EXERCISE INPUT:
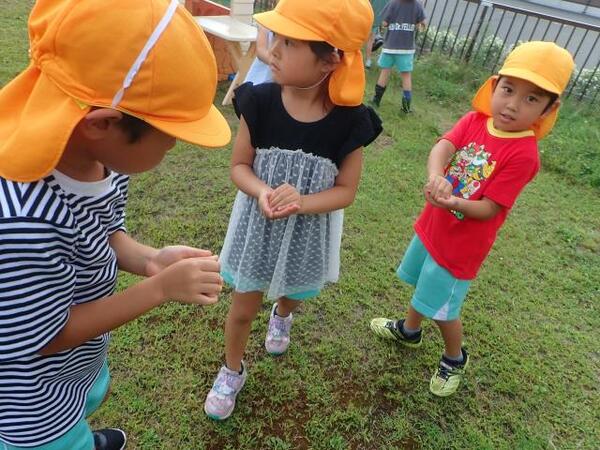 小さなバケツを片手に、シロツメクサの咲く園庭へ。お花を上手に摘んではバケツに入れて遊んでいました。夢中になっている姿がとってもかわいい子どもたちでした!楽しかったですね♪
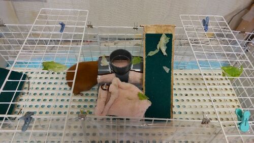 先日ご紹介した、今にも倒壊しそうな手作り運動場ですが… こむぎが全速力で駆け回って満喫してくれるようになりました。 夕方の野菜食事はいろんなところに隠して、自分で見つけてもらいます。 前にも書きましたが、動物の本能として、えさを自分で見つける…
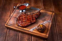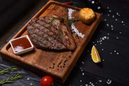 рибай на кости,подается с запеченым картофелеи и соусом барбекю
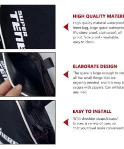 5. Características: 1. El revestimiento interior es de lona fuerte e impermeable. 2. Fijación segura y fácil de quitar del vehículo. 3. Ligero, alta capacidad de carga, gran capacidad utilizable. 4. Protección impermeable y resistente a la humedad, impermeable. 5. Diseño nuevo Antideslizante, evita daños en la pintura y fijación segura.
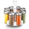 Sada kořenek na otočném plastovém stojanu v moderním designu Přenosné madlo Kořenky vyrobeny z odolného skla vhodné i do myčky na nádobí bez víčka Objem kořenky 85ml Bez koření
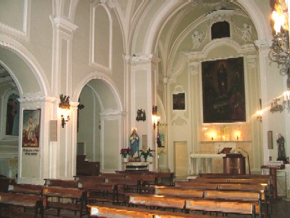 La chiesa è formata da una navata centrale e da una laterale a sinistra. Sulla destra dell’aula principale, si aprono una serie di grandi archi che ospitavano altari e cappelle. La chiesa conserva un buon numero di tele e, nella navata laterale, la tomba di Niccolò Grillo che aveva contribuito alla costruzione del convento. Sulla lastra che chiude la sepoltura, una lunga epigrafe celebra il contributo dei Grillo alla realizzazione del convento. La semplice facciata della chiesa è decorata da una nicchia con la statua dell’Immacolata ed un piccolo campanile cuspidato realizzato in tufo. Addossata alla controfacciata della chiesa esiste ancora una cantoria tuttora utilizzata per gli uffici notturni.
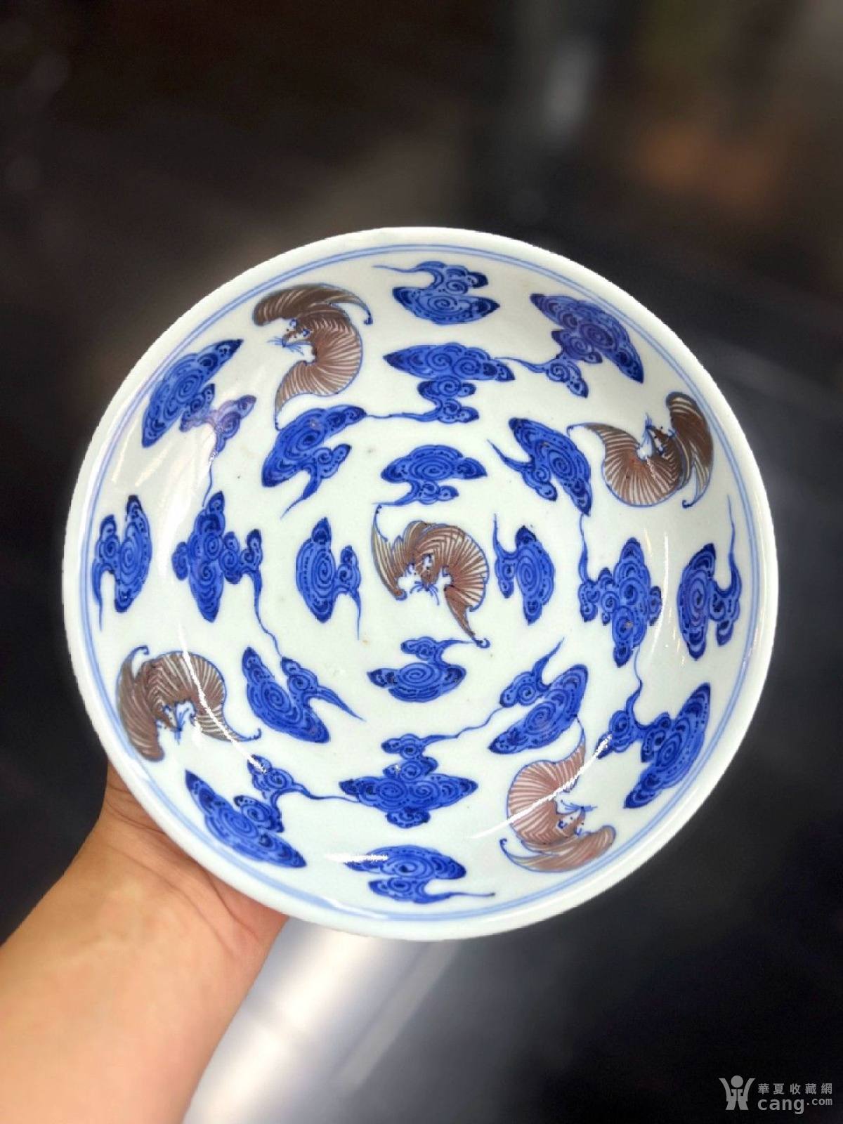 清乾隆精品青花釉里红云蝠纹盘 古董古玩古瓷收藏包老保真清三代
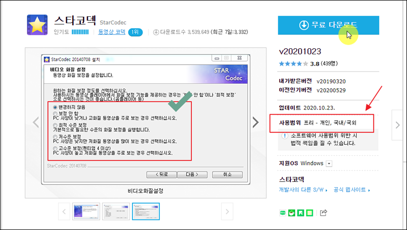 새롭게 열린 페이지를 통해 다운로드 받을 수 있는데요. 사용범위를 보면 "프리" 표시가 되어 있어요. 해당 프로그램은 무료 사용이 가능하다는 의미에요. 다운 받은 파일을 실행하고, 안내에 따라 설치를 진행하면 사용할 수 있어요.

--

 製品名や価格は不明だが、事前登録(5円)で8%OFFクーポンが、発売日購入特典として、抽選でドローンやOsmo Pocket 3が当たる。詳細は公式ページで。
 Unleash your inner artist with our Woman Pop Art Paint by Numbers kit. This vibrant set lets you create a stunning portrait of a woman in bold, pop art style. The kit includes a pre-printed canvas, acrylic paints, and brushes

WORK ORDER:
Look above for the line with "清乾隆精品青花釉里红云蝠纹盘 古董古玩古瓷收藏包老保真清三代" and the line with "새롭게 열린 페이지를", then copy exactly the lines from the first through the second, both kept, with no pictures.

RESPONSE TO THE EXERCISE:
 清乾隆精品青花釉里红云蝠纹盘 古董古玩古瓷收藏包老保真清三代
 새롭게 열린 페이지를 통해 다운로드 받을 수 있는데요. 사용범위를 보면 "프리" 표시가 되어 있어요. 해당 프로그램은 무료 사용이 가능하다는 의미에요. 다운 받은 파일을 실행하고, 안내에 따라 설치를 진행하면 사용할 수 있어요.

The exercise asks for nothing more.